New ISTS Director Sean Smith examines a cantenna, a device used for extending or probing a wireless local area network (WLAN). (Photo by Eli Burakian ’00)

The torch has been passed to him by Denise Anthony, associate professor of sociology and director of ISTS since 2008. “I can move on from my position as director knowing that it is in Sean’s capable hands,” says Anthony. “Sean is a leading thinker in computer security and privacy research, and he is also an excellent teacher and collaborator who embodies the mission of ISTS.”

Anthony is embarking on a nine-month sabbatical and will continue to be involved in collaborative research projects through ISTS focused on privacy and healthcare IT as well as efforts to promote STEM education and career opportunities for women and minorities.

“An integral part of ISTS since its inception, Professor Smith’s research spans a wide variety of subjects, from protection of the power grid to health care information technology (IT) security to the psychology of misperception and how it relates to IT security,” says Dartmouth Interim Provost Martin Wybourne. “His efforts always have been at the leading edge of security research. I am extremely pleased that Professor Smith has accepted the directorship of ISTS.”

A computer scientist with extensive expertise in information security, Smith came to Dartmouth in 2000 from IBM. He has been working in information security since before there was a Web. In graduate school, he worked with the U.S. Postal Inspection Service on postal meter fraud and then served at the Los Alamos National Laboratory, performing security reviews, analyses, and briefings for a wide variety of public-sector clients. He subsequently joined IBM, leaving the computing giant in 2000 for Dartmouth. “I was convinced that the academic education and research environment is a better venue for changing the world,” he says.

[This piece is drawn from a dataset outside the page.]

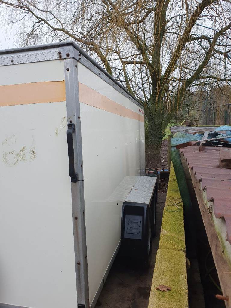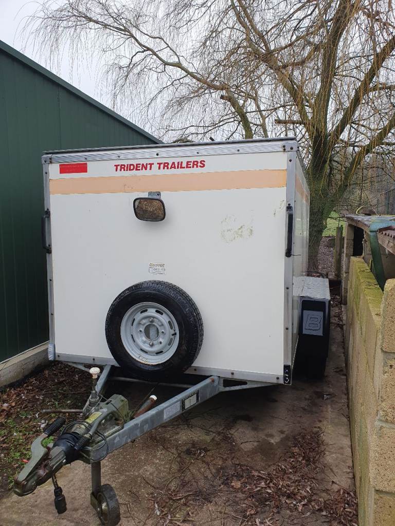 Double wheel base trailer used for storage for past 5 years good condition width 1,575 metres hight 1,778 length with towbar 4,267 metres brakes and tyres including spare good condition roller shutter door ready to go

Smith says he is excited about his new role. “I have benefited greatly from my connection with ISTS for many years now,” he says. “Through its interdisciplinary nature, I have been able to develop strong collaborative relationships with colleagues from across all schools at Dartmouth and from experts in disciplines outside of CS beyond Dartmouth as well. I look forward to helping ISTS grow and diversify.”